Nicholas Winding Refn makes what can best be described as modern art. The film that brought him to the attention of mainstream moviegoers was Drive, although he has a number of credits to his name before then. This is by far his most well known, and well liked directorial effort. Next up was Only God Forgives, which was much more divisive, and far fewer people have seen. His third major release is The Neon Demon, and while he’s currently at about a 50/50 hit ratio, this could prove to be either his making, or his downfall. With a stylish trailer and a good cast, as well as the promise of a look at the seedy underside of the modelling industry, this could be his most accessible, and possibly his best film yet.
Jesse is an aspiring model who’s just moved to LA. She got some amateur photos taken by a man she met on the internet, and has suddenly found that everybody wants a piece of her. She’s booking every job she goes for, and everyone seems to love her, but that love quickly turns to jealousy as the dark side of the modelling industry starts to take it’s toll on her.
This film starts out alright. The first half hour or so is fairly interesting, although it is quite up itself. But then things start to go wrong. When it’s trying to be serious and important, it’s actually getting worse and worse. A lot of the shots are well composed, and would make nice single frames, but the story and characters they’re depicting become increasingly frustrating to watch.

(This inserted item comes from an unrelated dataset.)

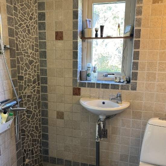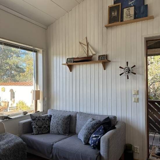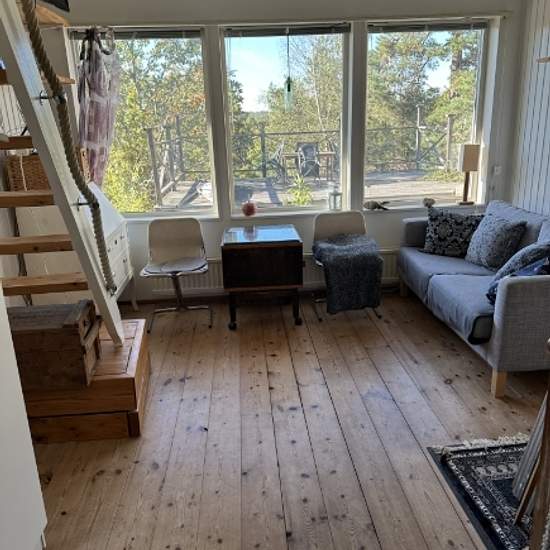 Medelhavs inspirerad 20 kvm stuga + 7 kvm sovloft i Kummelnäs.  Allmänt om stugan Stugan är byggd på öppen lösning med högt i tak och mycket rymd, vilket gör att den känns betydligt större än vad man kan tro). Möblerad med åretrunt-standard, tjockt isolerad samt 3-glasfönster.  Badrum i sjösten med dusch + WC och golvvärme på vintern.  Kök med kyl, micro, keramisk häll och kaffebryggare. Porslin och bestick ingår. Stugan har genomgående trägolv och är utrustad med liten platt-TV (med öppna kanaler), soffa, soffbord, garderob, sekret...

The lack of interesting characters who act in increasingly unusual ways definitely drags The Neon Demon down, but it’s the last half hour or so of the film that really pulls it into exceptionally bad territory. It’s meant to be a dark and realistic depiction of an industry that definitely has some shady practices, but instead of making an interesting study or even an exposé of sorts, it goes down a route that’s impossible to believe.
By the time the end of the film rolls round, the shark has truly been jumped, with things happening that are purely there to shock audiences. The problem is that with characters that are so difficult to like and a story that goes in such questionable directions, you just want the film to be over. You realise that Nicholas Winding Refn is the kind of writer and director that makes films for himself and not audiences when his name comes up in the credits three times before anyone else.